Quando é necessário indagar se o ventrículo tolera o aumento da pós-carga, visto que o EI eleva a PA sem taquicardia relevante nos primeiros minutos. O MW mostra se o ventrículo mantém o trabalho útil (trabalho construtivo, GCW) com padrão ascendente base-ápice, ou se o trabalho desperdiçado aumenta (GWW) diminuindo a eficiência (GWE).

A incapacidade de se aferir a PA durante o estresse por arritmia irregular, instabilidade hemodinâmica ou dor não permitem a correta avaliação do MW.

Como interpretar.

Em condições fisiológicas, o trabalho construtivo global (GCW) aumenta com o EI, mantendo o padrão ascendente base-ápice, com o trabalho desperdiçado (GWW) estável ou com pequeno aumento, o que irá manter a eficiência (GWE), a que ainda pode diminuir de 1% até 3%. O SLG diminui, principalmente com maior aumento da PA, da qual se mede a porcentagem de aumento (ΔPA). A torção apical costuma aumentar (Figura 3).

Figura 3. Exame realizado em atleta de elite, não usuário de EAA. Observa-se o aumento da ativação apical com o esforço.
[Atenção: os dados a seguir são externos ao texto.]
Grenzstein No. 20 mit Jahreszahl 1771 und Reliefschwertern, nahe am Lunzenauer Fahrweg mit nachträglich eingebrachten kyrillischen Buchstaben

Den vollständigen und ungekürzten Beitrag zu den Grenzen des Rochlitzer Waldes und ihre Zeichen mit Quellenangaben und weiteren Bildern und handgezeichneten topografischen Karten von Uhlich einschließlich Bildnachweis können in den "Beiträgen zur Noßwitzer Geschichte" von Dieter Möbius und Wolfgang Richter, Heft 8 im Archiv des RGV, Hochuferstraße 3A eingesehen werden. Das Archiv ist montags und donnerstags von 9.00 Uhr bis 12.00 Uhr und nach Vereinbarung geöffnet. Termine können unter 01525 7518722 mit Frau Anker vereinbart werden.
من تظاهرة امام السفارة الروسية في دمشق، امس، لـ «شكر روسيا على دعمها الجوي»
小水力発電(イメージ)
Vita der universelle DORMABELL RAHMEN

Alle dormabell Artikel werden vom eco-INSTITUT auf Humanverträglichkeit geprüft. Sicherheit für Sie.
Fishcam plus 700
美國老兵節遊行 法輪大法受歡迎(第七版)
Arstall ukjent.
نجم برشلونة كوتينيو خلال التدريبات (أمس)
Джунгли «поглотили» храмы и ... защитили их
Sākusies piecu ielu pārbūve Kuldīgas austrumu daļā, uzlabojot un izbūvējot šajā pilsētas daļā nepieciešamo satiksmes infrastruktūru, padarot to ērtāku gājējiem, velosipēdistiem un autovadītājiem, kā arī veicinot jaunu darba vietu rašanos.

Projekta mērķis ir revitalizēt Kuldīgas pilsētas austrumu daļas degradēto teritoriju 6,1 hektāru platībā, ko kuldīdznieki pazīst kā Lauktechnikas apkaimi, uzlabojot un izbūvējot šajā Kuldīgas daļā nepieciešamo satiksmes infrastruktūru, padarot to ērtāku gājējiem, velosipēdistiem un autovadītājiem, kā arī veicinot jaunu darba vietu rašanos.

Fatores que alertam para disfunção miocárdica subclínica: eficiência global diminuída (GWE) em mais de 5%, mesmo com aumento significativo da ΔPA; aumento desproporcional do trabalho desperdiçado (GWW), padrão não ascendente do trabalho construtivo (GCW) que não aumenta o esperado para o aumento da ΔPA obtida; diminuição do strain circunferencial com compensação apical do SLG, mas com aumento da dispersão mecânica da deformação, indicando perda de sincronismo de contração. Em casos mais graves há perda de rotação apical (Figura 4).  
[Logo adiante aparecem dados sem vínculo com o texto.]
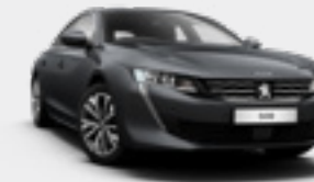
HURRICANE GREY | אפור כהה | 0GP9

בחרו את הצבע שלכם * צבע מטאלי בתוספת תשלום
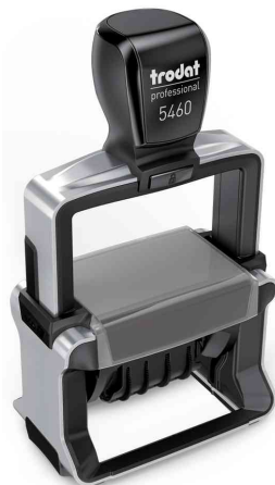
Datumstempel Professional 4.0 5460

Zubehör: Ersatzstempelkissen: auf Blisterkarte, Abgabe nur in ganzen VE's
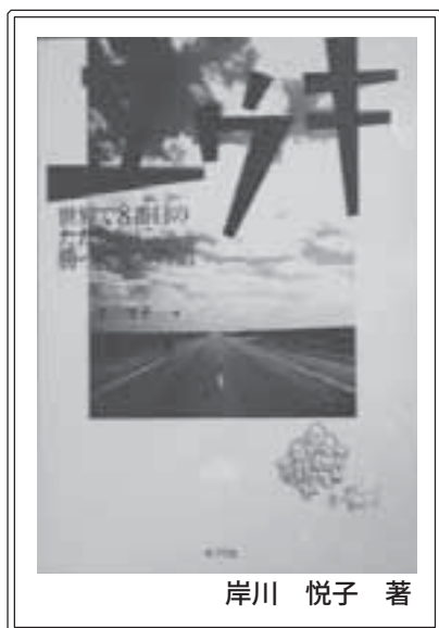
岸川 悦子 著
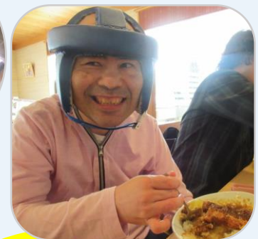
おいしいご飯もありました！
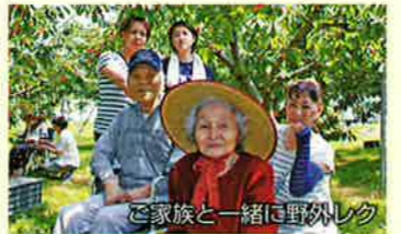
ご家族と一緒に野外レク

対象者 原則要介護3以上 定員50名 ※要介護1~2の方でも、特定の要件を満たせば入所可能。
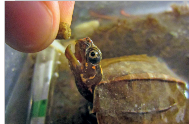
Abb. 5. With persistence, keepers may not only have their hatchling Geoemyda spengleri eating pellets, but doing so very eagerly.
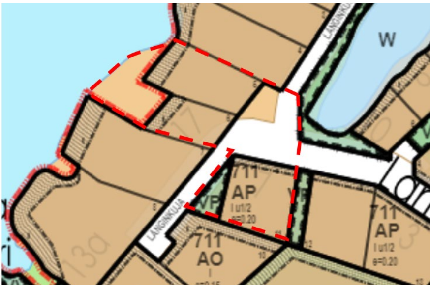
Kuva 7. Ote ajantasakaavasta. Suunnittelualue merkitty punaisella katkoviivalla.

Ranta-alue suunnittelualueen kohdalla on osin asemakaavatonta aluetta. Muu alue on asemakaavoitettu vuonna 2002 (Ak 909/92). Asemakaavassa on erillispientalojen korttelialuetta (AO), asuinpientalojen korttelialuetta (AP), vähäinen puistokaista (VP) ja Långinkujan katualuetta.
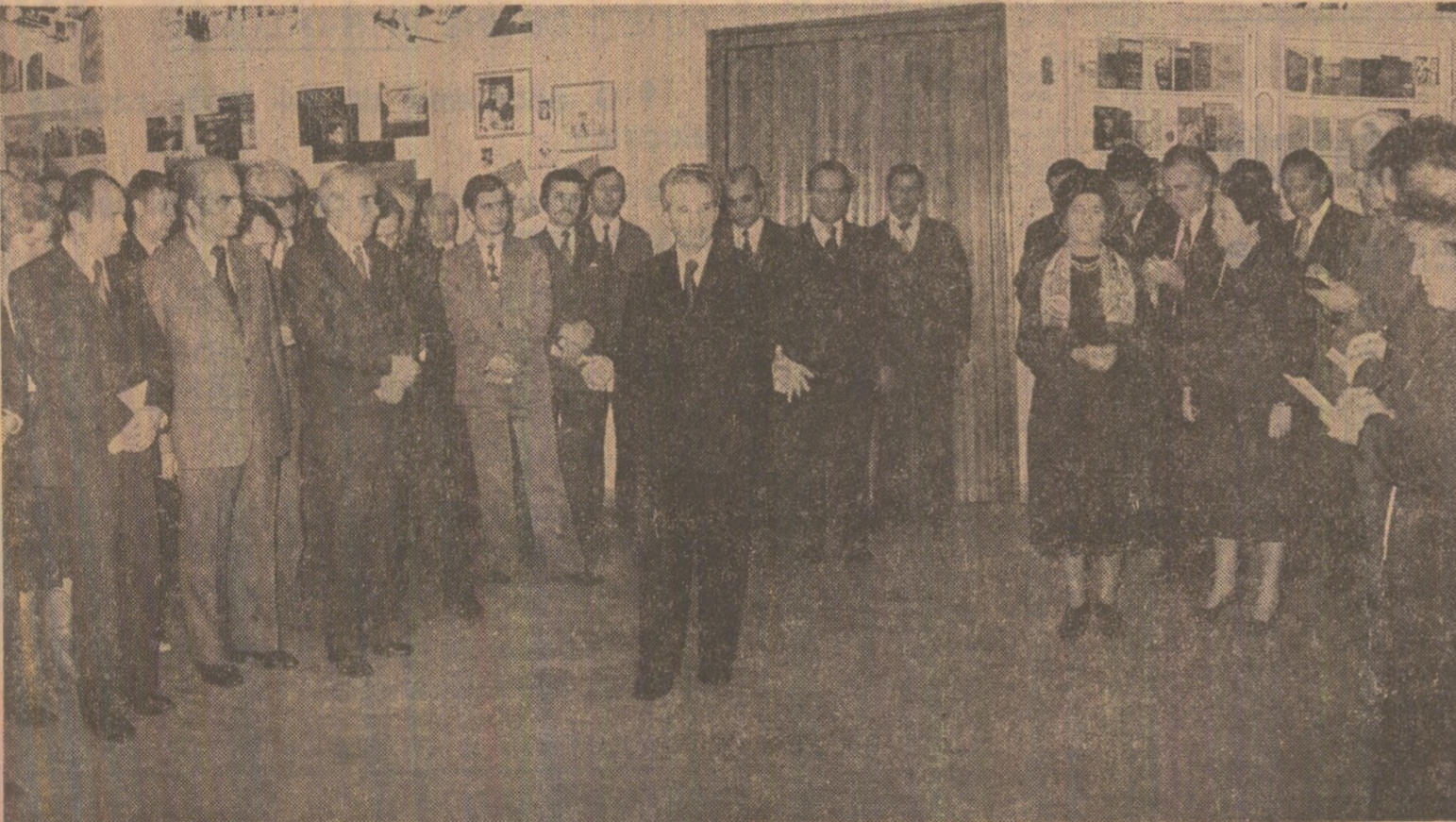
Se subliniază necesitatea angajării mai puternice, militante, a creației artistice
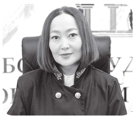
Марал ШАЙХМЕТОВА, судья Глубоковского районного суда Восточно-Казахстанской области
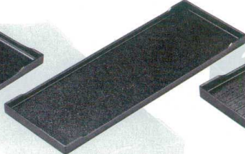
10-107-11 B-24-95 A|ロングカスター盆 ブラックパール ¥1,350 (34×11.9×1.7) 梱60
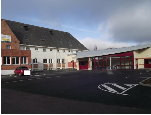
Façade avant donnant sur l'avenue des Montoires, parking aménagé, nouvel internat attenant au bâtiment pédagogique entièrement rénové
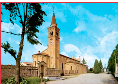
Santuario della Madonna delle Grazie
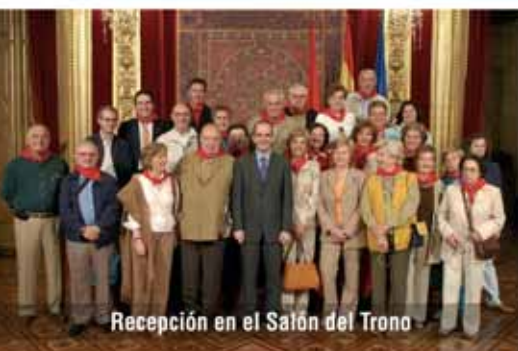
Recepción en el Salón del Trono
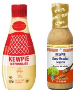
Q&B FOODS 製のキューピー マヨネーズ(左)と深煎りごまドレッシング(右)
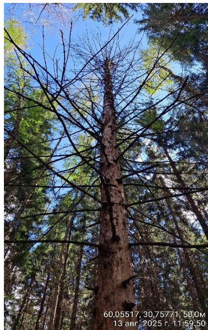
Фото № 1.2
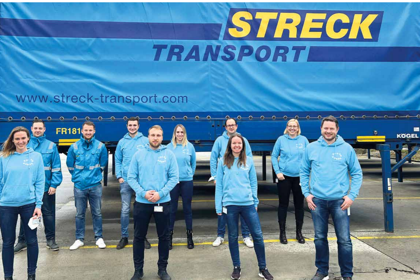
Das CargoSuite-Projektteam nach der erfolgreichen Einführung in Möhlin
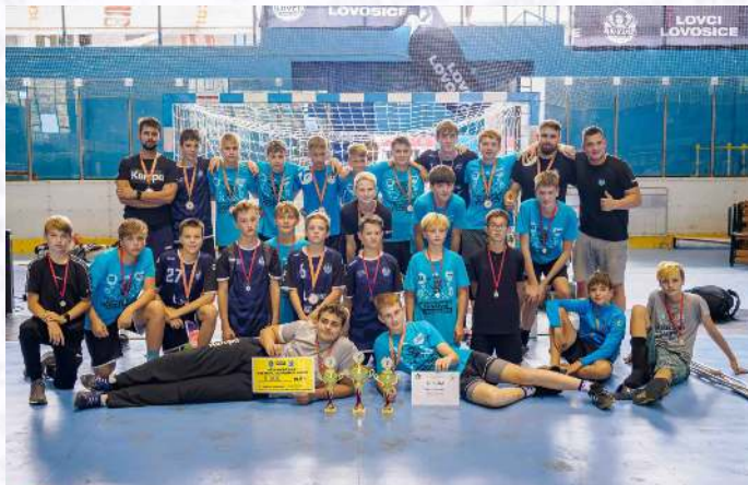
Družstva lovosických minizáků (snímek vlevo) vybojovala třetí a devatenácté místo, bronzoví skončili i starší žáci.

Figura 4. Exame realizado em atleta usuário de EAA, evidenciando, a pesar do aumento do SLG e do trabalho miocárdico durante o esforço, significativa diminuição do twist (mesmo com ativação longitudinal apical) e da eficiência miocárdica, com aumento do trabalho desperdiçado.

Conclusão.

O MW adicionado de EI constitui uma excelente ferramenta para avaliar a reserva contrátil, principalmente em casos em que o ecocardiograma convencional e mesmo o strain longitudinal são inconclusivos ou duvidosos.